Seed gene discovery

This pipeline discovers seed genes for DeepRVAT training. The pipeline runs SKAT and burden tests for missense and pLOF variants, weighting variants with Beta(MAF,1,25). To run the tests, we use the Scoretest from the SEAK package (has to be installed from github).

To run the pipeline, an experiment directory with the seed_gene_discovery_input_config.yaml has to be created. See example file. When the seed gene discovery pipeline is executed, a comprehensive sg_discovery_config.yaml file is automatically generated based on the seed_gene_discovery_input_config.yaml input.

Input data

The experiment directory in addition requires to have the same input data as specified for DeepRVAT, including

annotations.parquet
protein_coding_genes.parquet
genotypes.h5
variants.parquet
phenotypes.parquet
seed_gene_discovery_input_config.yaml (use this as a template)

The annotations.parquet dataframe, generated by the annotation pipeline, can be utilized. To indicate if a variant is a loss of function (pLoF) variant, a column is_plof has to be added with values 0 or 1. We recommend to set this to 1 if the variant has been classified as any of these VEP consequences: ["splice_acceptor_variant", "splice_donor_variant", "frameshift_variant", "stop_gained", "stop_lost", "start_lost"].

Configuration file

You can restrict to only missense variants (identified by the Consequence_missense_variant column in annotations.parquet ) or pLoF variants (is_plof column) via

variant_types:
    - missense
    - plof

and specify the test types that will be run via

test_types:
   - skat
   - burden

The minor allele frequency threshold is set via

rare_maf: 0.001

You can specify further test details in the test config using the following parameters:

center_genotype center the genotype matrix (True or False)
neglect_homozygous Should the genotype value for homozyoogus variants be 1 (True) or 2 (False)
collapse_method Burden test collapsing method.
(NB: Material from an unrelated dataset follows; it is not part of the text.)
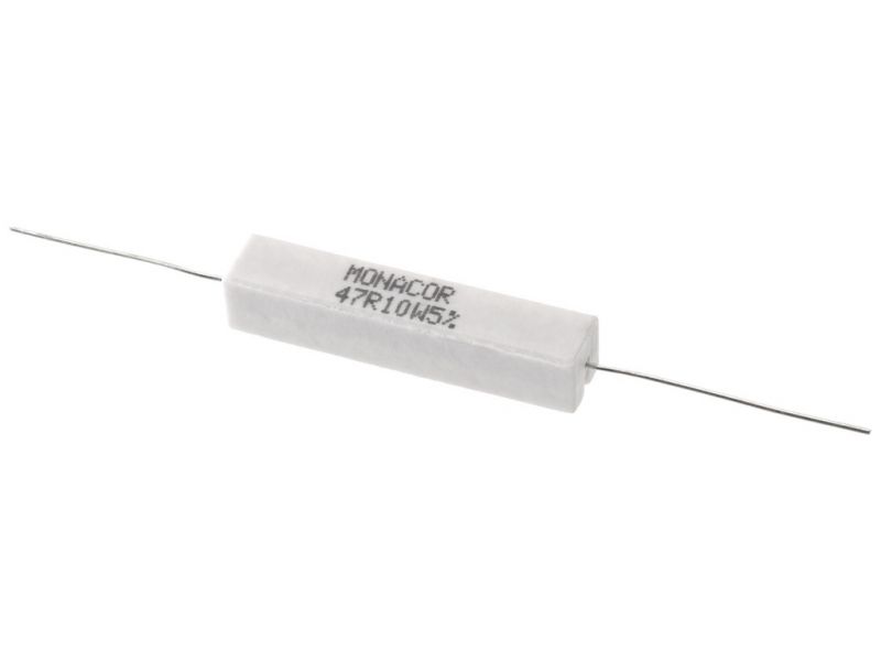 Výkonný cementový odpor, 1.0 Ω, 10 W Odpor pre použitie vo výhybkách, predovšetkým pre PA a špičkové aplikácie, tiež sa pripájajú ako záťažové odpory. Výkonný cementový odpor, 47 Ω, 10 W Odpor pre použitie vo výhybkách, predovšetkým pre PA a špičkové...
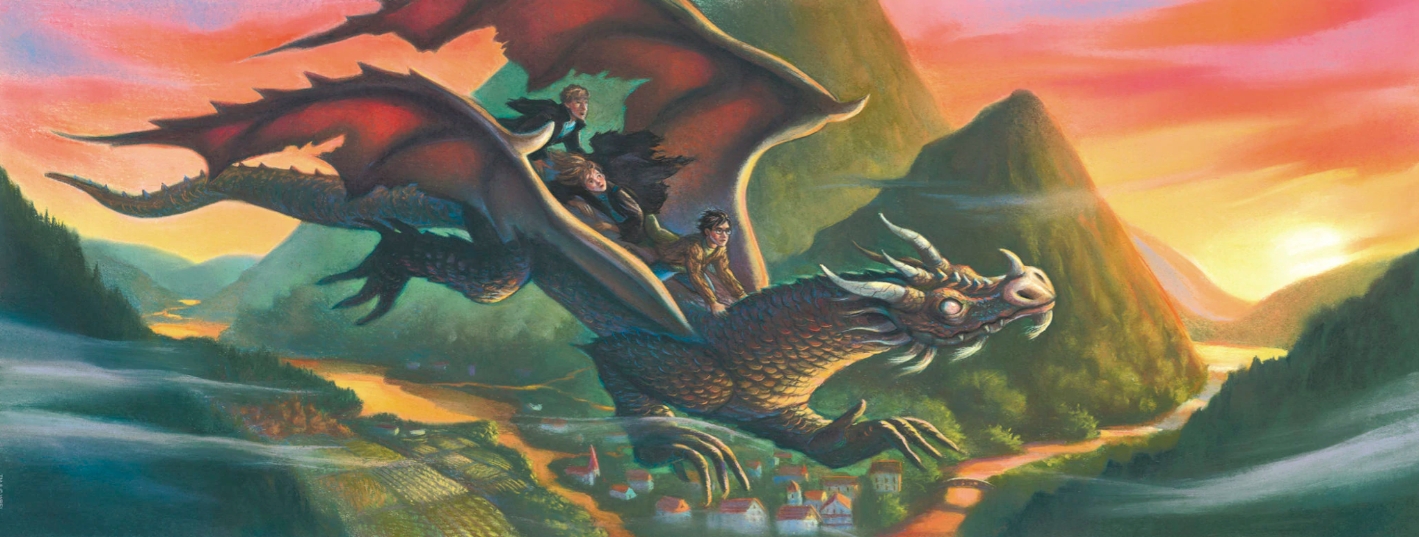 This image is taken from the deluxe book cover for "Harry Potter and The Deathly Hallows", the 7th and final book in the seven-book series by esteemed writer J.K. Rowling. The deluxe book cover was created for a special limited edition slip-covered version of the 5th book. The original image was drawn and painted by noted artist Mary GrandPre. This is a limited edition giclee on paper. Due to the large size this is available unframed only.

Supported are sum and max
var_weight Variant weighting function. Supported are beta_maf (Beta(MAF, 1, 25)) or sift_polpyen (mean of 1-SIFT and Polyphen2 score)
min_mac minimum expected allele count for genes to be included. This is the cumulative allele frequency of variants in the burden mask (e.g., pLoF variants) for a given gene (e.g. pLoF variants) multiplied by the cohort size or number of cases for quantitative and binary traits, respectively.

test_config:
    center_genotype: True
    neglect_homozygous: False
    collapse_method: sum #collapsing method for burden, 
    var_weight_function: beta_maf 
    min_mac: 50 # minimum expected allele count

Running the seed gene discovery pipeline

In a directory with all the input data required and your configuration file set up, run:

[path_to_deeprvat]/pipelines/seed_gene_discovery.snakefile

Replace [path_to_deeprvat] with the path to your clone of the repository.